4.1.1. In Vitro Drug Release: First-Series Analysis

The controlled drug release observed in the initial series can be primarily attributed to the amphiphilic nature of P-407. This polymer effectively retains the drug molecules, facilitating their gradual release. The mechanism behind this CR involves the continuous swelling of the polymer carrier upon exposure to liquid media. This swelling process forms a gel-like barrier around the formulation. Concurrently or subsequently, the polymer undergoes dissolution, further contributing to the CR dynamics [56,74]. Gel formation within this matrix system is initiated by the hydration and subsequent swelling of the hydrophilic chains of P-407, accompanied by the aggregation of hydrophobic components to minimize their contact with the aqueous media. This structure, achieved by dispersing the drug throughout the matrix system, allows the hydrophobic chains to act as a barrier against water diffusion. Consequently, this barrier significantly restricts the diffusion of the drug, leading to a controlled and delayed release [75].
The dynamic interaction between hydrophilic and hydrophobic components is crucial in controlling drug release kinetics. As the P-407 concentration in the formulation increases, the distance between polymeric networks decreases. This reduced spacing enhances cross-linking within the polymer, thereby strengthening the gel structure and increasing viscosity. As a result, a more pronounced delay in drug release is observed. Additionally, the enhanced hydrophobic chain effect further limits water diffusion into the matrix system, reinforcing the CR mechanism [56].
These findings are consistent with previous research, as outlined in the literature section, which demonstrates that an increased concentration of P-407 in formulations consistently leads to delayed drug release across various types of dosage forms [33,56,76]. For instance, Zhang et al. developed a topical CR formulation containing ceftiofur for foot infections. Their results indicated that higher concentrations of P-407 in the gel formulation led to delayed drug release. Specifically, the formulation with 25% P-407 released 80% of the drug within 5 h, compared to a 70% release from the formulation with 30% poloxamer and only a 40% release from the formulation with 35% P-407 [33].
Although in our study, the sole use of P-407 successfully delayed drug release up to 7 h, we presume that P-407 alone may not be sufficient to achieve a 12 h delay. This limitation is likely due to its limited mechanical strength, which makes it more susceptible to dissolution in water [77,78]. Consequently, as detailed in the next three sections of our study, we proceeded to incorporate various excipients and ratios alongside P-407 to evaluate their effectiveness in sustaining drug release.

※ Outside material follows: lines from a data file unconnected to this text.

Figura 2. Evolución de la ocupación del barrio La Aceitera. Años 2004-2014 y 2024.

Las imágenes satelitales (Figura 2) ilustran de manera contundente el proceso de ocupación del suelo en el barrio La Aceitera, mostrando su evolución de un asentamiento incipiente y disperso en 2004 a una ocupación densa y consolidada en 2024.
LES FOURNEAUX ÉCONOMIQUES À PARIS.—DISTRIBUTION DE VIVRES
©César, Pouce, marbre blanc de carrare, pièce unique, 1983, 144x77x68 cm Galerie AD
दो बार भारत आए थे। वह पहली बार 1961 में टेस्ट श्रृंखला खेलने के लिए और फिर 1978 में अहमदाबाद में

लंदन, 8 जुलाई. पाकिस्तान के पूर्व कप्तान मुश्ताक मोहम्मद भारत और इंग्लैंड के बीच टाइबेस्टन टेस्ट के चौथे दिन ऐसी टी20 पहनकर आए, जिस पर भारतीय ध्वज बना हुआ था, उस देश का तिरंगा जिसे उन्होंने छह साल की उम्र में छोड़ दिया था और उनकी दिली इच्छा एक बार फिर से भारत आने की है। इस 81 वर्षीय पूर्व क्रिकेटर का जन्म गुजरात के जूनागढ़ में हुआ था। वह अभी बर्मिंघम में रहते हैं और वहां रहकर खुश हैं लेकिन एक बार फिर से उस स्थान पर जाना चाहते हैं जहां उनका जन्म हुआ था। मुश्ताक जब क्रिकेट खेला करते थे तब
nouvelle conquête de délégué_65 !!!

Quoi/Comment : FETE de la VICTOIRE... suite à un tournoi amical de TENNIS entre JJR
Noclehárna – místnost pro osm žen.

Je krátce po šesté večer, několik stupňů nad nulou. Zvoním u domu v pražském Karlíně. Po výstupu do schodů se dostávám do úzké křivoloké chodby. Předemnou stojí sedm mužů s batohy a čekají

4.1.2. In Vitro Drug Release: Second-Series Analysis

In the second experiment series, the concentration of P-407 was maintained constant to specifically assess the influence of STA on drug release delay. The observed delay in drug release can be attributed to the lipophilic nature, stiffening effect, and viscosity enhancement properties of STA, as referenced in [79,80].
As the proportion of STA increases in our formulation, it not only enhances the matrix system’s hydrophobic nature but also amplifies intermolecular interactions. These synergistic effects collectively strengthen the matrix’s mechanical properties, thereby more effectively limiting water diffusion into the formulation and further delaying drug release. Our study aligns with the research conducted by Cao et al., who prepared a sustained-release tablet using STA, stearic acid, and carnauba wax for a highly water-soluble model drug. Their in vitro assessment revealed that increasing the proportion of STA further delayed drug release [79].

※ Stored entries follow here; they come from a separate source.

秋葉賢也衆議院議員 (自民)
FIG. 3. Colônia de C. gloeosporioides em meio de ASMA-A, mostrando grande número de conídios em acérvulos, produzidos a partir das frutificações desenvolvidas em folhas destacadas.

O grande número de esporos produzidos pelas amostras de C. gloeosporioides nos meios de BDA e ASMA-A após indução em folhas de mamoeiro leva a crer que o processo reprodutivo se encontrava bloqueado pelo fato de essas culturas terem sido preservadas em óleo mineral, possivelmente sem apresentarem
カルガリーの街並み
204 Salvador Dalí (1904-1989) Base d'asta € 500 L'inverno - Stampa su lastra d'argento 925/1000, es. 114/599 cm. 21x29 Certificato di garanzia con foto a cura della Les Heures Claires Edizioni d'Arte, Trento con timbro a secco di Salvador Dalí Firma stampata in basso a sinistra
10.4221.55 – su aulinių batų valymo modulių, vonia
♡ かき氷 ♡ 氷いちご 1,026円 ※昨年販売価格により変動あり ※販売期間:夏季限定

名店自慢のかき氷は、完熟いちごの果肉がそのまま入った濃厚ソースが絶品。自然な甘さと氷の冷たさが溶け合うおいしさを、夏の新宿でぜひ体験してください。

4.1.3. In Vitro Drug Release: Third-Series Analysis

The amount of P-407 was kept consistent throughout Series 3 in order to evaluate the impact of HPMC on controlling drug release. The decrease in drug release, corresponding to the increase in HPMC concentration, is presumed to be associated with several factors. The entanglement of polymer chains between HPMC and P-407 creates a complex and interconnected network structure, enhancing resistance to flow and increasing the thickness of the gel. Several studies have supported these results, as mentioned earlier in the literature section [33,48,56,81,82].

4.1.4. In Vitro Drug Release: Fourth-Series Analysis

Series 4 is assumed to exhibit prolonged drug release compared to the first three series due to the stronger intermolecular interactions that occur when P-407, STA, and HPMC are combined. This contrasts with the separate interactions of HPMC or STA with P-407. As the intermolecular interactions intensify, they lead to gel shrinkage and an increase in viscosity, consequently slowing down the drug release. Furthermore, this robust interaction fortifies the matrix system against degradation and dissolution, thus further delaying drug release [83,84].
The CR of the medication predominantly depends on the gel formed by P-407, which regulates drug release. The incorporation of HPMC enhances the gel’s viscosity through the mechanism described earlier. Additionally, the lipophilic and stiffening properties of STA impede water diffusion into the formulation, further reducing drug dissolution [70].
Based on these findings, the recommended concentrations of STA and HPMC for extending drug release up to 12 h are 30% and 10%, respectively, in addition to 30% P407. Consequently, CRMS-F15 has been identified as the candidate formulation. Notably, CRMS-F15 exhibited a release profile similar to that of the FDA-approved branded THN product, according to the results of a fit factor analysis between the tested formulation and the reference product, suggesting potential interchangeability between this formulation and the branded product.

4.1.5. In Vitro Drug Release in Media of Different pH Levels (pH 1.2, 4.5, 7.5)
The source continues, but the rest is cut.